[Source data — start]

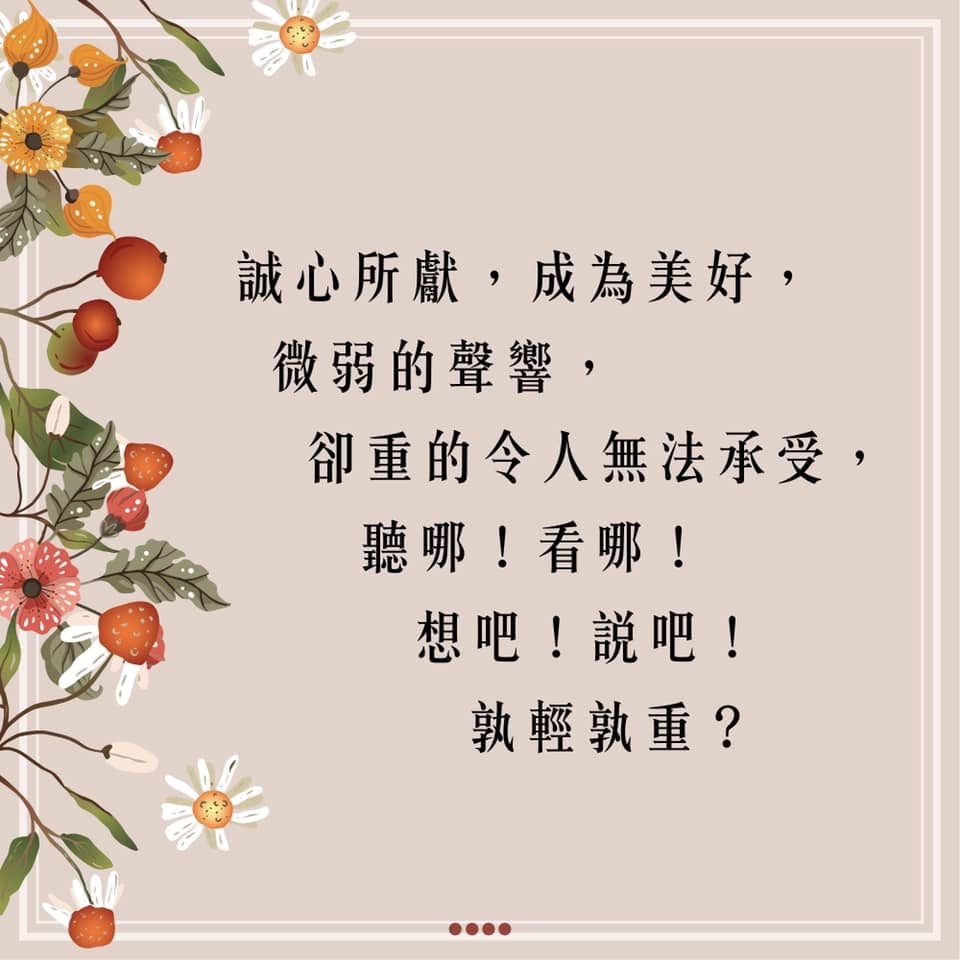 不是多與少,而是寡婦誠心獻上所有,成就了美好。這份美,劃破人們內心的黑暗,戳破人們在競爭遊戲搶破頭的慾望。勝過黑暗,不是靠著更多的束縛與要求,而是通過奉獻自己成為美好,基督的生命,顯露了此信息,更呼召每一個跟隨他的人起來,全然獻上自己。
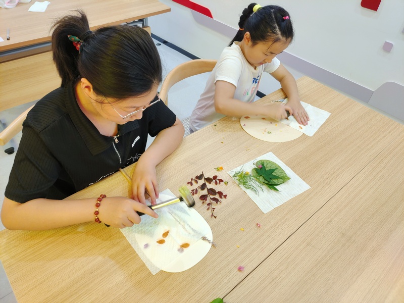 活動現場,孩子們圍坐一起,認真傾聽著老師講解非遺文化以及非遺植物拓染制作步驟。小朋友們興致高漲,積極舉手回答問題。在對拓染有了一定的了解后,他們躍躍欲試,在志愿者的指導下開始了拓染的手工體驗?;顒舆^程中,孩子們認真挑選自己喜歡的染材,仔細設計排列布局,小心翼翼地用方巾覆蓋在染材上,再用橡膠錘、鵝卵石有節奏地敲擊。在一陣陣“咚咚咚”的聲音中,植物的脈絡一點點展現在扇面上。在最后的作品展示環節,小朋友們舉著各具特色的拓染扇面,臉上洋溢著喜悅。
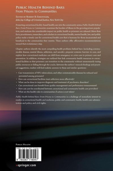 Public Health BehindBars: From Prisons to Communities is a challenge of immediate interest to readers in correctional health and medicine, public and community health, health care administration and policy, and civil rights.

[Source data — finish]

* Exercise aim:
Copy out all the data above exactly as written. Skip the pictures.

* Exercise answer:
 不是多與少,而是寡婦誠心獻上所有,成就了美好。這份美,劃破人們內心的黑暗,戳破人們在競爭遊戲搶破頭的慾望。勝過黑暗,不是靠著更多的束縛與要求,而是通過奉獻自己成為美好,基督的生命,顯露了此信息,更呼召每一個跟隨他的人起來,全然獻上自己。
 活動現場,孩子們圍坐一起,認真傾聽著老師講解非遺文化以及非遺植物拓染制作步驟。小朋友們興致高漲,積極舉手回答問題。在對拓染有了一定的了解后,他們躍躍欲試,在志愿者的指導下開始了拓染的手工體驗?;顒舆^程中,孩子們認真挑選自己喜歡的染材,仔細設計排列布局,小心翼翼地用方巾覆蓋在染材上,再用橡膠錘、鵝卵石有節奏地敲擊。在一陣陣“咚咚咚”的聲音中,植物的脈絡一點點展現在扇面上。在最后的作品展示環節,小朋友們舉著各具特色的拓染扇面,臉上洋溢著喜悅。
 Public Health BehindBars: From Prisons to Communities is a challenge of immediate interest to readers in correctional health and medicine, public and community health, health care administration and policy, and civil rights.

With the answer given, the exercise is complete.